On July 28, APSA issued a profit notice of 62.2 million euros for 2024, up 16 million on the previous year. The result was hailed by Vatican media as “extraordinary,” and credited the result to the institution’s “legal autonomy” and “proactive and propositional” approach to investment management.

But curial financial officials told The Pillar that APSA’s reported profits were difficult to assess beyond the headline figures made public by the administration itself.

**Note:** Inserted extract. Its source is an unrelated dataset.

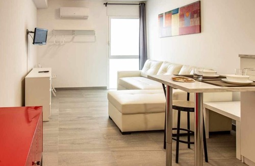 1 full bathroom with shower. Open-plan area with equipped kitchen with dining space, lounge area with sofa-double bed and flatscreen TV.
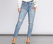 We love a good distressed pair of denim! These high rise boyfriend jeans feature the traditional five pocket and belt loop design. a front button and hidden zipper closure. slight destructed detailing down the leg. and a tapered leg fit. The jeans offer moderate stretch.

“What we don’t know — what no one knows outside of APSA — is what is behind this number of 60 million,” one senior source observed. “How much of this ‘profit’ comes from external income and investments, and how much of it is essentially derived from its curial clients, which is basically one Vatican department paying another?”

The same source noted that the Vatican has not released any consolidated financial statements, which would provide an overall context for the profit announcement.

“Is this 60 million profit enough or even close to meet expenses for the whole curia, or is it a drop in the ocean?” he asked. “That is the real question.”

The Vatican has not released a budget statement since 2022. That statement forecast an operating loss of 33.4 million euros for the Vatican, even after expected donations from sources including Peter’s Pence — which in 2023 allocated 90% of its revenue to Vatican operating costs.

In October 2023, the prefect of the Secretariat for the Economy, Maximino Caballero Ledo, said that the Holy See had a structural budget deficit of “between 50 and 60 million euros a year.”

Another senior Vatican financial official said of the 2024 APSA profit announcement that “there are still only two people responsible for the analysis and execution of the financial assets area,” posing “a massive risk operationally” for APSA.

“How is this supposed to deliver any kind of strategy or credibly present results?” the Vatican official said.

“What APSA needs always is cash — liquidity — but there is no segregation of assets between APSA’s own assets and those of their clients,” the senior Vatican official explained.

“And this is not just a failure of bookkeeping,” he said. Instead, APSA officials “believe that all the money of the different dicasteries is, ultimately, the money of the Holy See and therefore, in a sense, their money.”

“What this means in practice is the money of clients can be used by APSA for other purposes, or their profits considered ‘APSA profits’ — there are very specific recent cases from certain client institutions where this has been seen. What you end up with is a kind of scheme where a client’s money is treated as profit.”